Task to carry out
Retype every line from the top of the entries down to the one with "Σε ανακοίνωση της", both included, and skip the pictures.

(Entries taken from a collection)
• • • • • • •
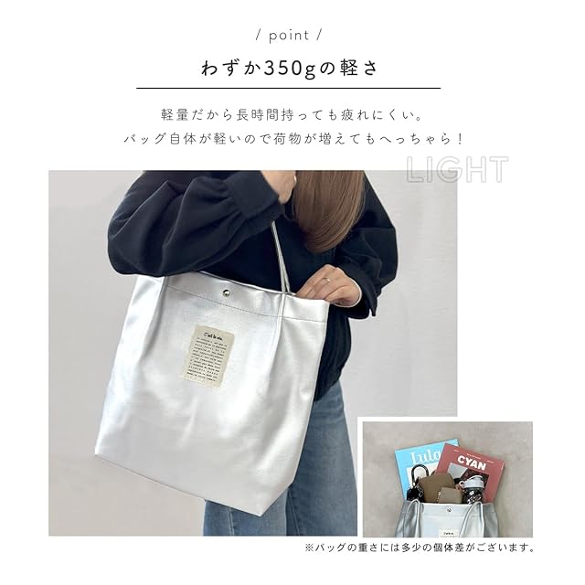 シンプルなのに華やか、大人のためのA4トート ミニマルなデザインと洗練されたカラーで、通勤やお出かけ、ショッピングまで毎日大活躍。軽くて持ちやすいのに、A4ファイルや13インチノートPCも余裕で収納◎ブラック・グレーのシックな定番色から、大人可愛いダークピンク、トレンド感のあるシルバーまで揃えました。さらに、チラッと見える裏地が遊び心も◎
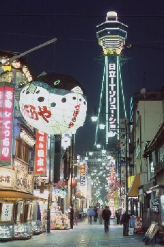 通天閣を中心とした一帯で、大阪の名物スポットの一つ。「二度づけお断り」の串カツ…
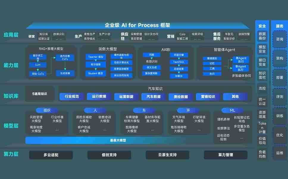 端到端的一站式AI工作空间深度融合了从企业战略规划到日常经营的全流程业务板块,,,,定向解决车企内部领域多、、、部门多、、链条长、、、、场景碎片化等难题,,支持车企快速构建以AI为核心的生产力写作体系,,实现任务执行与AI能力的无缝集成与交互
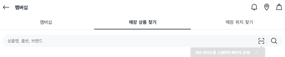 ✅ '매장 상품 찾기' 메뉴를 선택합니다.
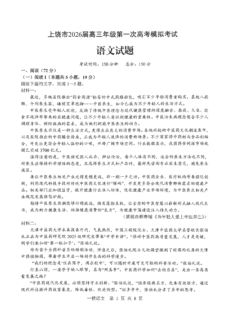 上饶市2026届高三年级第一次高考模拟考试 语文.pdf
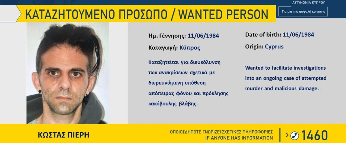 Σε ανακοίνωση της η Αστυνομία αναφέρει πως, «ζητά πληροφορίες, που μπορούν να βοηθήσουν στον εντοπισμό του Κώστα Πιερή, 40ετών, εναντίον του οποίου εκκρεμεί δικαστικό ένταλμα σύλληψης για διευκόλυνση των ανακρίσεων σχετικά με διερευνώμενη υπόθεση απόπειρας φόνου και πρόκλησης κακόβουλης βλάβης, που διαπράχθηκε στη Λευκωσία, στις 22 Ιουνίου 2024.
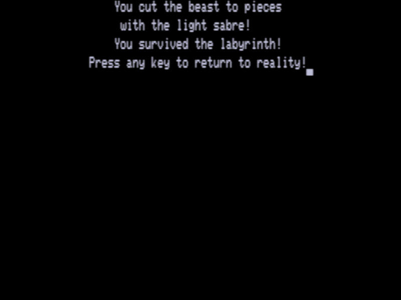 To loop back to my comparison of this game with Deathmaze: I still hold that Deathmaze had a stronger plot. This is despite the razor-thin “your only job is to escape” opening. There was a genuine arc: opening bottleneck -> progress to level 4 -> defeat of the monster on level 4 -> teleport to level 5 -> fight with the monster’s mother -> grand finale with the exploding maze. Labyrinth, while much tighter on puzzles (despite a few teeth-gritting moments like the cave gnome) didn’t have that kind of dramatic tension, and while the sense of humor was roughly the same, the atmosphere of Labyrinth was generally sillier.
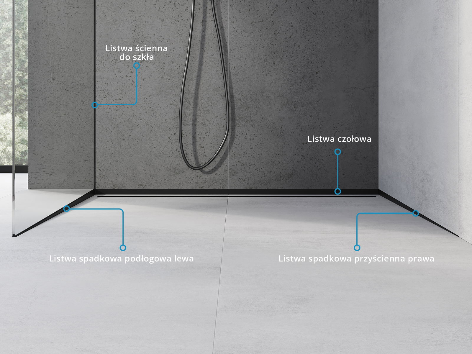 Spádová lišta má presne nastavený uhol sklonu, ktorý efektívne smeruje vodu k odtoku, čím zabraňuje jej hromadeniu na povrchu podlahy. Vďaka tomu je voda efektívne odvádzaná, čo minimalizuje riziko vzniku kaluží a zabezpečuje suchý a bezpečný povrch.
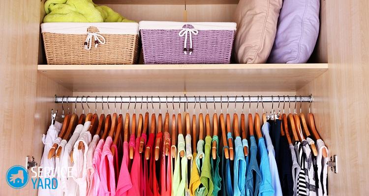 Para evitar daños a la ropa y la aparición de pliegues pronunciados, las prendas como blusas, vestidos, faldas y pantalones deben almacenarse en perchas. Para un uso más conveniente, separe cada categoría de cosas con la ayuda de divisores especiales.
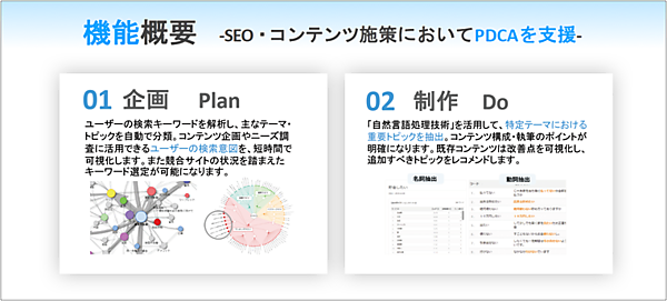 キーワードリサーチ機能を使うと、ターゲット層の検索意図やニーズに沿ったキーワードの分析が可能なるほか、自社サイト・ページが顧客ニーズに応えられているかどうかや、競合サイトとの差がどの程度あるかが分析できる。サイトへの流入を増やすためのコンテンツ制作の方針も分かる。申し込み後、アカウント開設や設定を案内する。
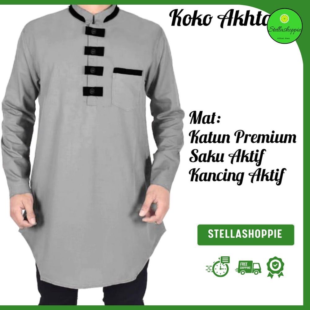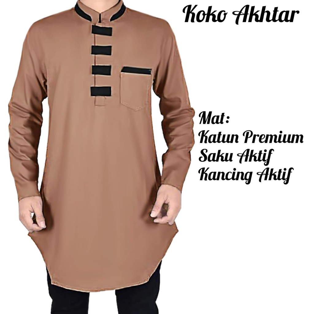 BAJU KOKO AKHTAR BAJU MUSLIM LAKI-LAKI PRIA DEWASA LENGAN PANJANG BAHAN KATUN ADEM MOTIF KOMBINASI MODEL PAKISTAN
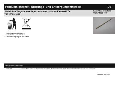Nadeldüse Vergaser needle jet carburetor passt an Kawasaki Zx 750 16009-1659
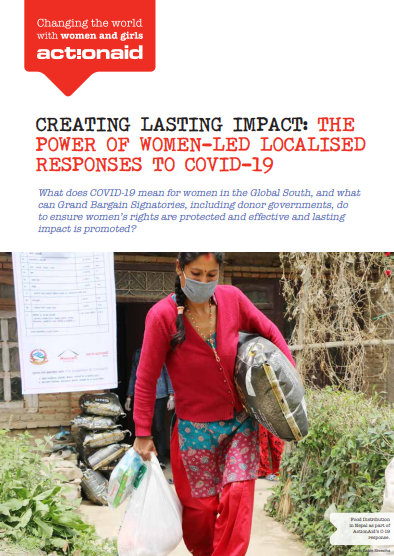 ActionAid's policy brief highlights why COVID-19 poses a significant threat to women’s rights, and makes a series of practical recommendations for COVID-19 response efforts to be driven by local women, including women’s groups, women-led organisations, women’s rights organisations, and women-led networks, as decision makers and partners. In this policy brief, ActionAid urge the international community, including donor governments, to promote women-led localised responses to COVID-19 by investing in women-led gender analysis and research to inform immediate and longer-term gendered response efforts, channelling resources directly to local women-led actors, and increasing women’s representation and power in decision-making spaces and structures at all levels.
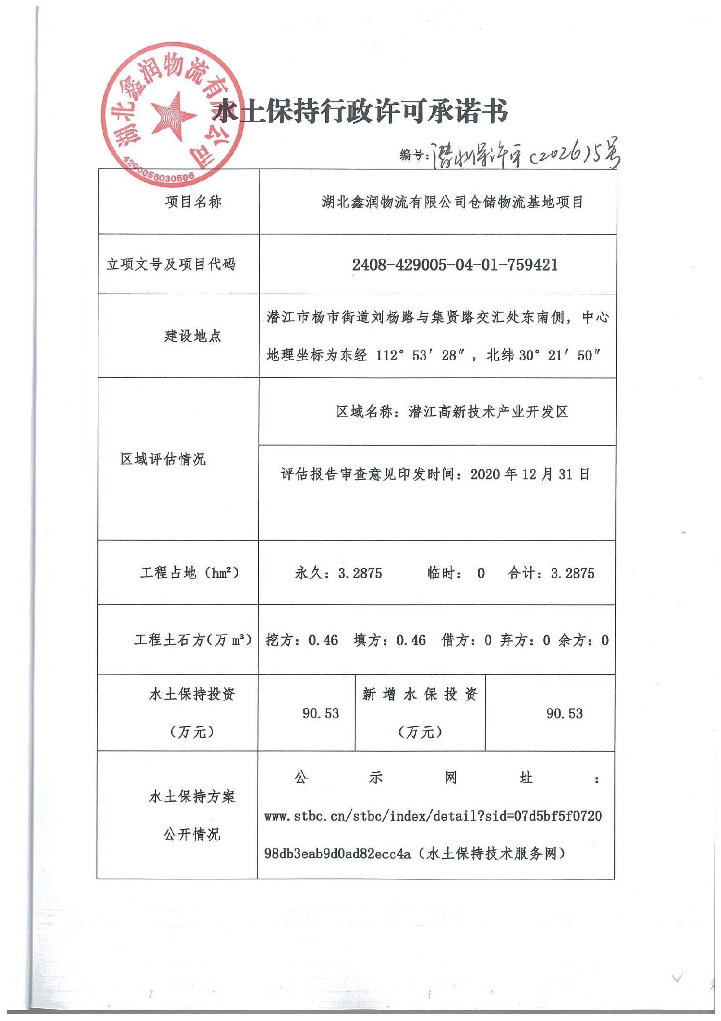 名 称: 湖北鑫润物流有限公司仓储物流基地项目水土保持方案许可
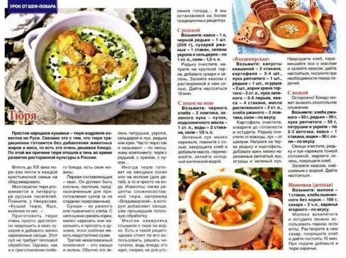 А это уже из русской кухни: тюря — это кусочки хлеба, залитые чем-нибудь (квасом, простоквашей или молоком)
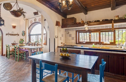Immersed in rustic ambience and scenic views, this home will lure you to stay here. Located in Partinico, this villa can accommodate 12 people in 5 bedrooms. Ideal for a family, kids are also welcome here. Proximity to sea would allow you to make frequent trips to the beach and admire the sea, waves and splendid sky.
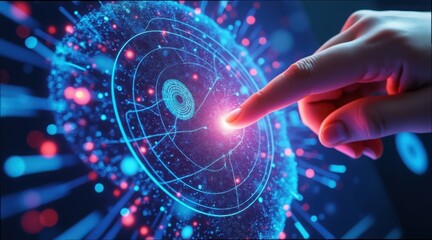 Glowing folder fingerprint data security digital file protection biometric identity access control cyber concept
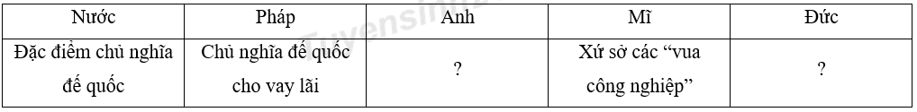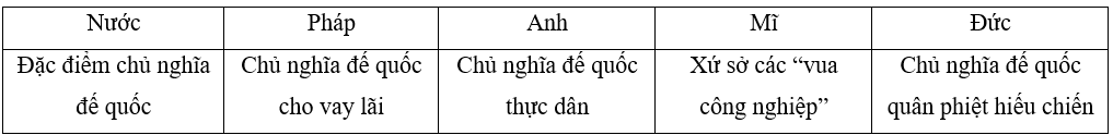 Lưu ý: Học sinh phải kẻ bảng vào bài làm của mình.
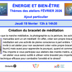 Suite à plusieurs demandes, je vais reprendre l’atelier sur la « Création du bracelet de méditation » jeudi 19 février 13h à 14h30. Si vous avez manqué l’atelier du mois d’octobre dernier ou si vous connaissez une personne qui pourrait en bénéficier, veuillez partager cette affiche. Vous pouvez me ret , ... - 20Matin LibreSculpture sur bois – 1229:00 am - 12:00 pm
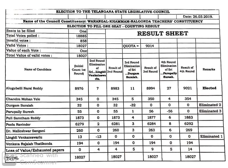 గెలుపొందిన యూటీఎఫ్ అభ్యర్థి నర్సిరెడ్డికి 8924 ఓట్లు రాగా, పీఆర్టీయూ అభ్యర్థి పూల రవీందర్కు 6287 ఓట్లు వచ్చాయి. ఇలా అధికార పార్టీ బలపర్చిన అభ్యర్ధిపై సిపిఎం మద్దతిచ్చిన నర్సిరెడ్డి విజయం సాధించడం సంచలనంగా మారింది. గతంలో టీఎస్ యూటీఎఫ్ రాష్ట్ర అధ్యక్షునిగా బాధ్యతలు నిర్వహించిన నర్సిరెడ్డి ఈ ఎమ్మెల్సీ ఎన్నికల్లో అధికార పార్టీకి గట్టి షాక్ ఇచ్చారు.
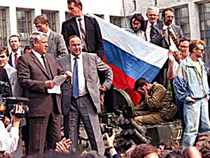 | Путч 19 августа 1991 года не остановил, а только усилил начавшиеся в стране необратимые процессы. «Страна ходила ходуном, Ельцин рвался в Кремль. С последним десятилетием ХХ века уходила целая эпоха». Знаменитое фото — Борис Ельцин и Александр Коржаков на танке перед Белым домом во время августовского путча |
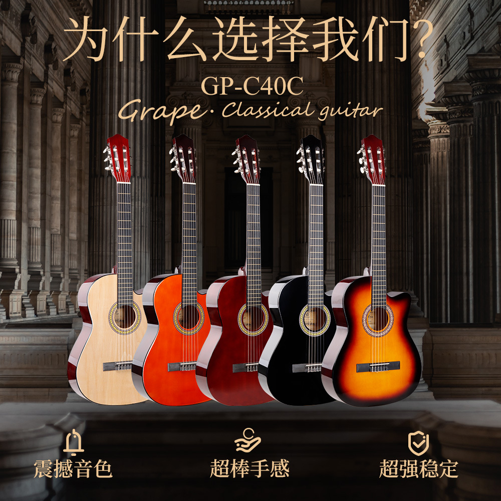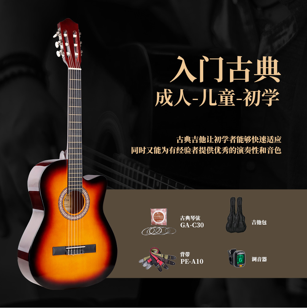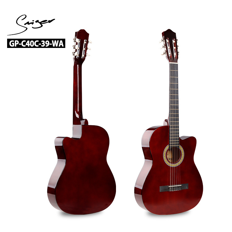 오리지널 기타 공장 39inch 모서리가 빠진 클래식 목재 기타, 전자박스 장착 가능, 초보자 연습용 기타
• • • • • • •
Answer to this task
 シンプルなのに華やか、大人のためのA4トート ミニマルなデザインと洗練されたカラーで、通勤やお出かけ、ショッピングまで毎日大活躍。軽くて持ちやすいのに、A4ファイルや13インチノートPCも余裕で収納◎ブラック・グレーのシックな定番色から、大人可愛いダークピンク、トレンド感のあるシルバーまで揃えました。さらに、チラッと見える裏地が遊び心も◎
 通天閣を中心とした一帯で、大阪の名物スポットの一つ。「二度づけお断り」の串カツ…
 端到端的一站式AI工作空间深度融合了从企业战略规划到日常经营的全流程业务板块,,,,定向解决车企内部领域多、、、部门多、、链条长、、、、场景碎片化等难题,,支持车企快速构建以AI为核心的生产力写作体系,,实现任务执行与AI能力的无缝集成与交互
 ✅ '매장 상품 찾기' 메뉴를 선택합니다.
 上饶市2026届高三年级第一次高考模拟考试 语文.pdf
 Σε ανακοίνωση της η Αστυνομία αναφέρει πως, «ζητά πληροφορίες, που μπορούν να βοηθήσουν στον εντοπισμό του Κώστα Πιερή, 40ετών, εναντίον του οποίου εκκρεμεί δικαστικό ένταλμα σύλληψης για διευκόλυνση των ανακρίσεων σχετικά με διερευνώμενη υπόθεση απόπειρας φόνου και πρόκλησης κακόβουλης βλάβης, που διαπράχθηκε στη Λευκωσία, στις 22 Ιουνίου 2024.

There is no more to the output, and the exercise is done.